Jonathan Tan <jonathantanmy@xxxxxxxxxx> · Mon, 12 Aug 2024 17:45:08 -0700

Han Young <hanyang.tony@xxxxxxxxxxxxx> writes:
> Here are the minimal steps to recreate issue.
[snip]

I think the following is what is happening. Before the final gc, the
repo looks as follows:

  commit  tree  blob
   C3 ---- T3 -- B3 (fetched from remote, in promisor pack)
   |
   C2 ---- T2 -- B2 (created locally, in non-promisor pack)
   |
   C1 ---- T1 -- B1 (fetched from remote, in promisor pack)

After the final gc, {C,T,B}3 and {C,T,B}1 are in a promisor pack, but
all of {C,T,B}2 are deleted because they are thought to be promisor
objects.

> The last `git gc` will error out on fsck with error message like this:
> 
>   error: Could not read d3fbfea9e448461c2b72a79a95a220ae10defd94
>   error: Could not read d3fbfea9e448461c2b72a79a95a220ae10defd94

I'm not sure how `git gc` (or `git fsck`) knows the name of this
object (what is the type of this object, and which object refers to
this object?) but I think that if we implement one of the solutions I
describe below, this problem will go away.

> `git gc` will call `git repack`, which will call `git pack-objects`
> twice on a partially cloned repo.
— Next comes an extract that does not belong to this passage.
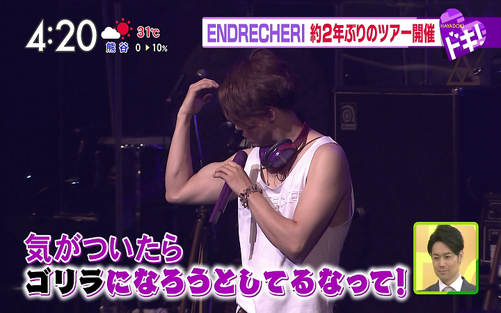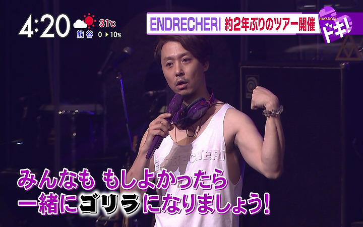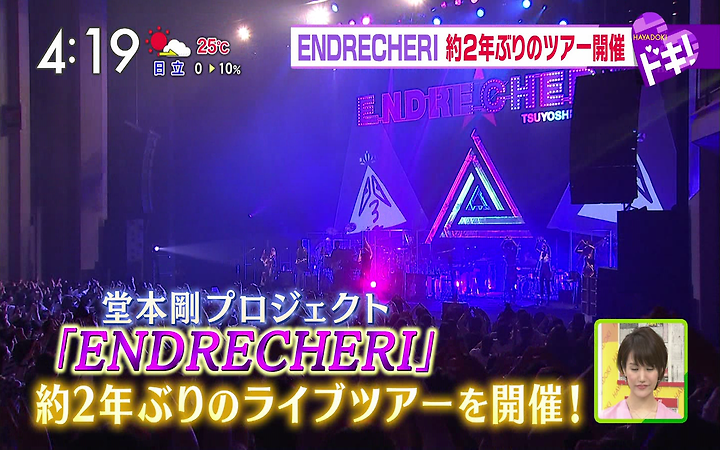 올해 재시동한 도모토 쯔요시의 솔로 프로젝트·ENDRECHERI가 7일, 도쿄·시부야의 NHK홀에서 라이브 『 ENDRECHERI TSUYOSHI DOMOTO』르 개최. 쯔요시는 지난해 6월에 돌발성 난청에 걸렸으나, 현재 병세를 팬들에게 보고했다.

The first call to pack-objects 
> combines all the promisor packfiles, and the second pack-objects 
> command packs all reachable non-promisor objects into a normal packfile.

Yes, this is what I remember.

> However, a bug in setup_revision caused some non-promisor objects 
> to be mistakenly marked as in promisor packfiles in the second call 
> to pack-objects.

I think they ({C,T,B}2 in the example above) should be considered as
promisor objects, actually. From the partial clone doc, it says of a
promisor object: "the local repository has that object in one of its
promisor packfiles, or because another promisor object refers to it".
C3 (in a promisor packfile) refers to C2, so C2 is a promisor object. It
refers to T2, which refers to B2, so all of them are promisor objects.
However, in the Git code, I don't think this definition is applied
recursively - if I remember correctly, we made the assumption (e.g.
in is_promisor_object() in packfile.c) that we only need to care about
objects in promisor packfiles and the objects they directly reference,
because how would we know what objects they indirectly reference?
But this does not cover the case in which we know what objects they
indirectly reference because we pushed them to the server in the first
place.

Solutions I can think of:

 - When fetching from a promisor remote, never declare commits that are
   not in promisor packfiles as HAVE. This means that we would refetch
   C2 and T2 as being in promisor packfiles. But it's wasteful in
   network bandwidth, and does not repair problems in Git repos created
   by Git versions that do not have this solution.

 - When fetching from a promisor remote, parse every object and repack
   any local objects referenced (directly or indirectly) into a promisor
   packfile. Also does not repair problems.

 - When repacking all objects in promisor packfiles, if any object they
   refer to is present in a non-promisor packfile, do a revwalk on that
   object and pack those objects too. The repack will probably be slower
   because each object now has to be parsed. The revwalks themselves
   probably will not take too long, since they can stop at known promisor
   objects.

(One other thing that might be considered is, whenever pushing to a
promisor remote, to write the pack that's pushed as a promisor packfile.
But I don't think this is a good idea - the server may not retain any
packs that were pushed.)